### Records to use

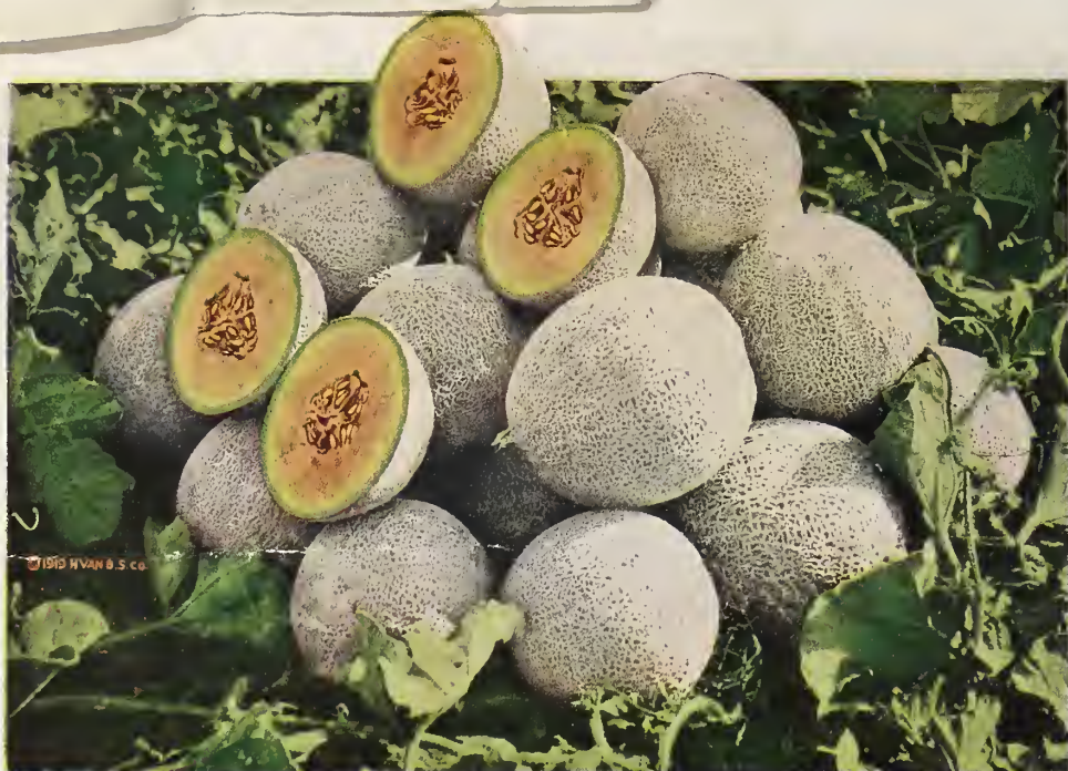
A Color Cut Made from a Photograph Taken in the Field
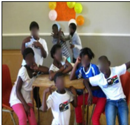
Figures 2 and 3: A cabinet of youth health advisors deliberates on the objectives of the AYHP (2014). Here, the appointed minister consults her cabinet on their experiences of health services. [Faces blurred to protect participant confidentiality]
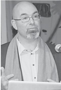
By Mike Denton Conference Minister

Reflections on conflict in election season lends insight into conflicts in the life of churches.
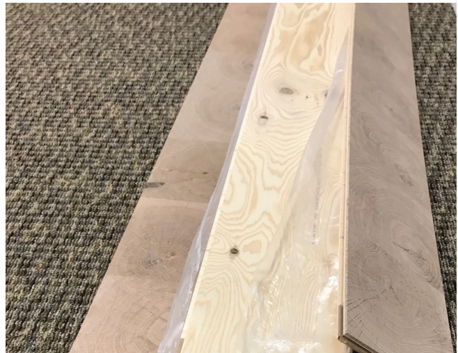
Engineered End Grain planks remain in packaging until installed

We are often questioned about the humidity being too high or too low. Humidity maintained above 60-70% at normal residential temperatures can adversely affect wood components. Humidity sustained at or above this level can result in an EMC of 12% or more with associated expansion. Humidity maintained at or below 25-30% can adversely affect wood components and result in an EMC below 6%.
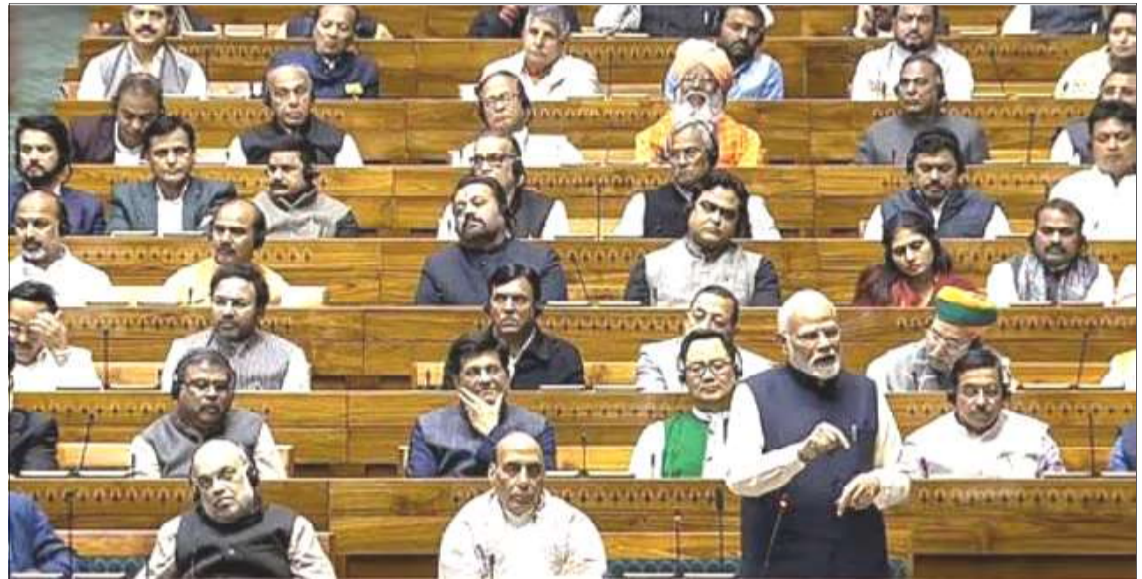
December 14, 2024 nü Prime Minister Narendra Modi-i Lok Sabha nung Constitution küm 75 abensaba indang onük jembidang agiba noksa angur.

New Delhi, December 14, 2024 (Agencies): 1975 nung Emergency benokba atema Prime Minister Narendra Modi-i Congress aitsü.
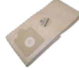
HVB10 (210-010) Double Layer Paper Bag (10pcs/pack)
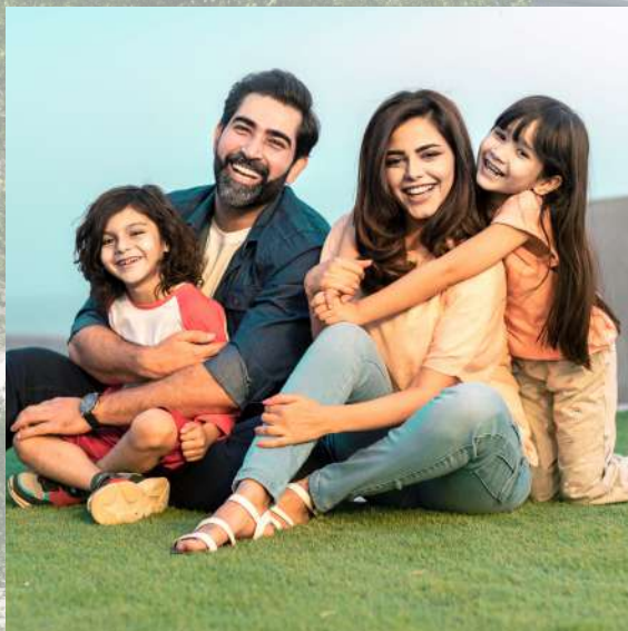
Secure & Gated Community
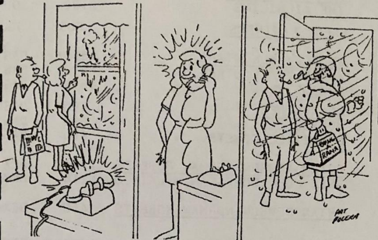
"You'd never get me out on a night like this!"
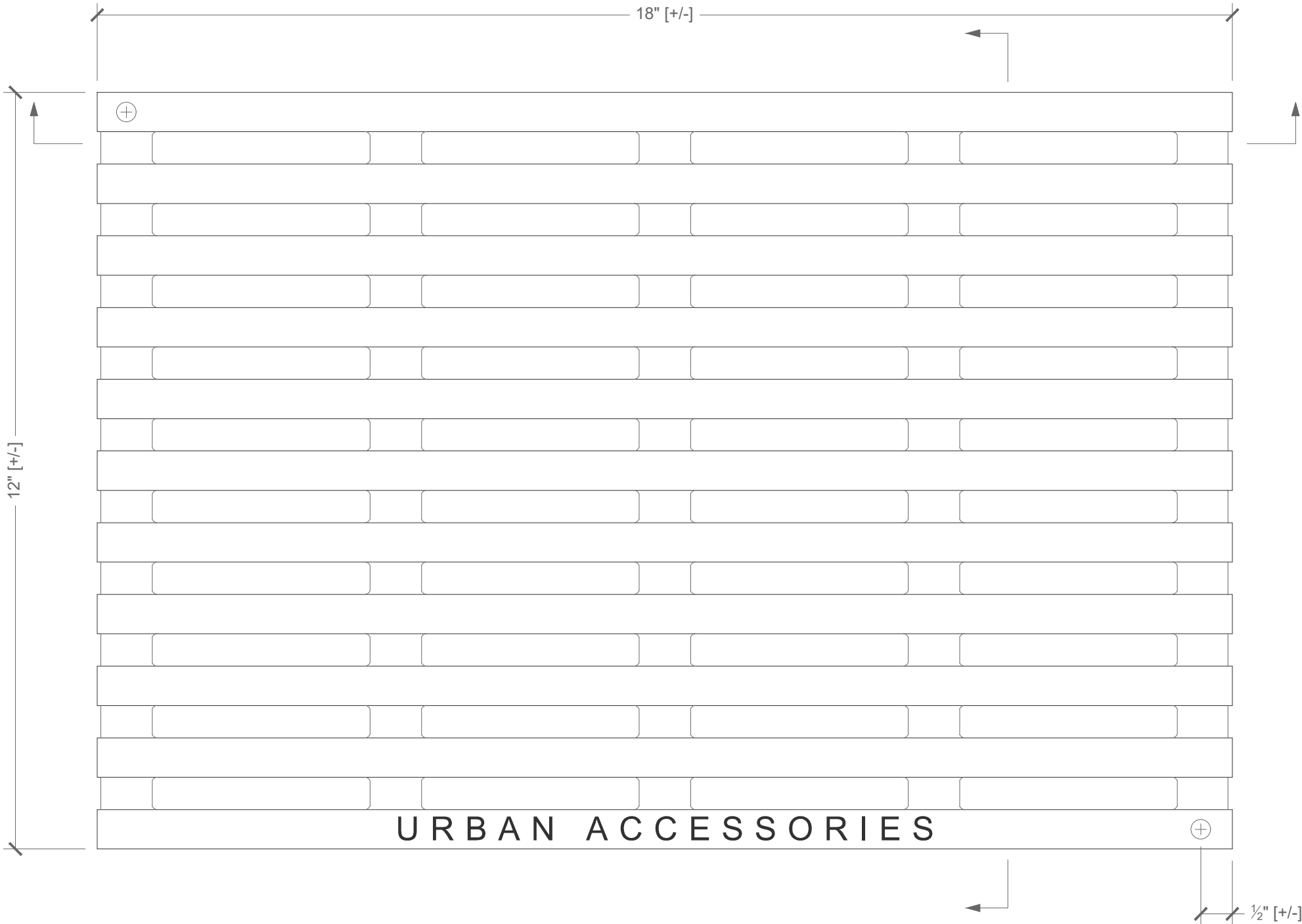
Plan Scale: 6" = 1' 0"
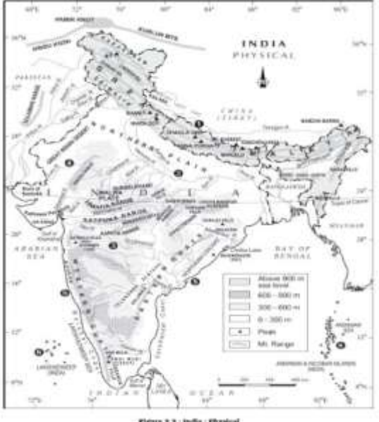
Figure 2.3 : India : Physical

This northward movement of the Indian plate is continuing and it has significant consequences on the physical environment of the Indian subcontinent.
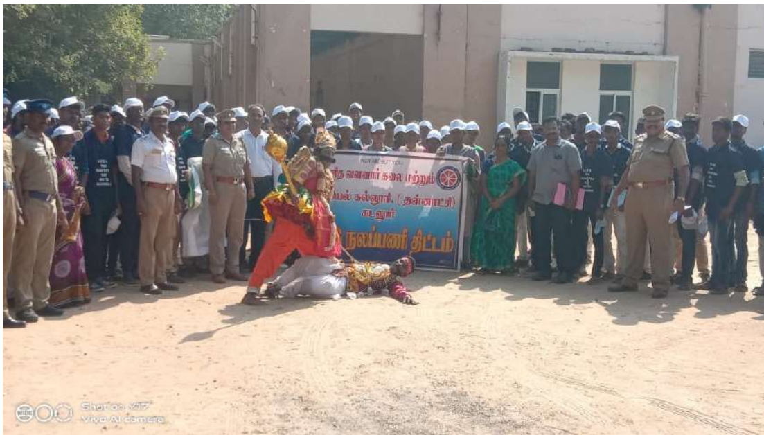
The Police Department also arranged a drama performance for public welfare.
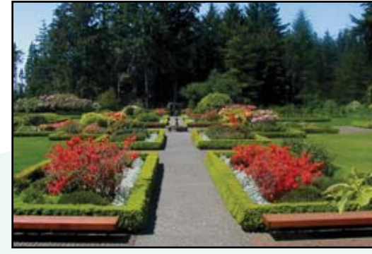
Shore Acres' Gardens Above the Waves
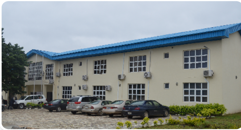
The Administrative building housing the auditorium and lecture rooms

Located in a serene environment in Keffi, Nasarawa State, 46 Kilometers from Abuja city centre, the Anti-Corruption Academy of Nigeria (ACAN) commenced activities in November 2014.
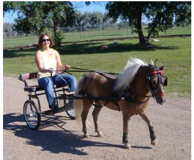
Real horse power!
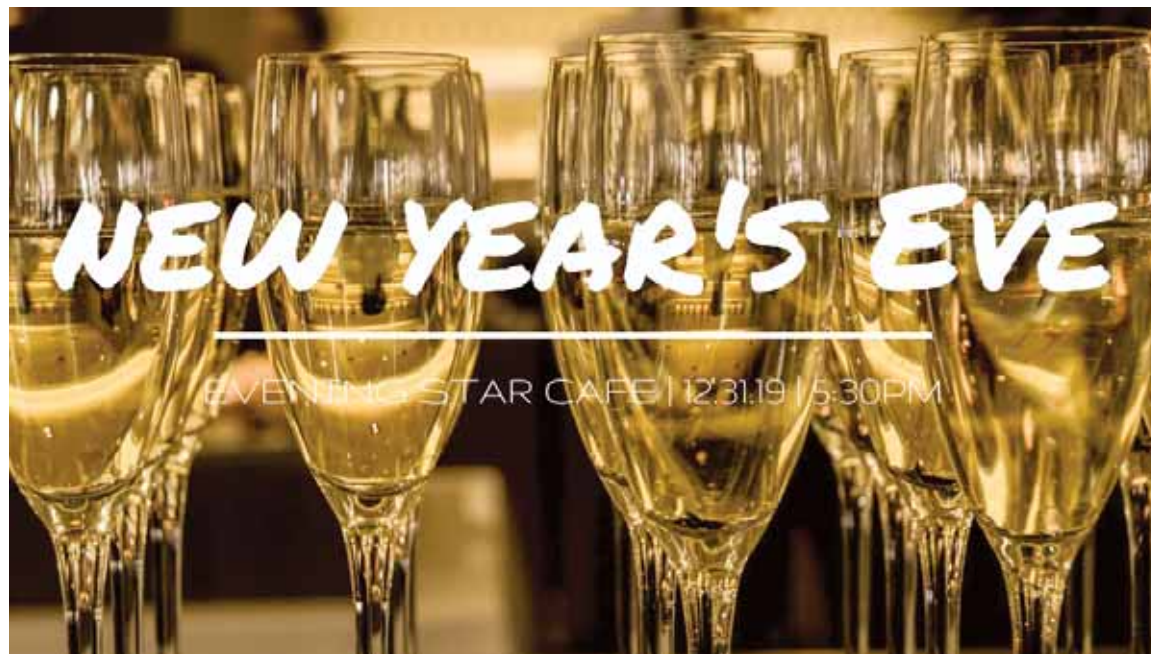
Evening Star Cafe is offering a four-course dinner for New Year's Eve.

######

Work request
All lines above with "environment" in them should be returned.

Result of this exercise
This northward movement of the Indian plate is continuing and it has significant consequences on the physical environment of the Indian subcontinent.
Located in a serene environment in Keffi, Nasarawa State, 46 Kilometers from Abuja city centre, the Anti-Corruption Academy of Nigeria (ACAN) commenced activities in November 2014.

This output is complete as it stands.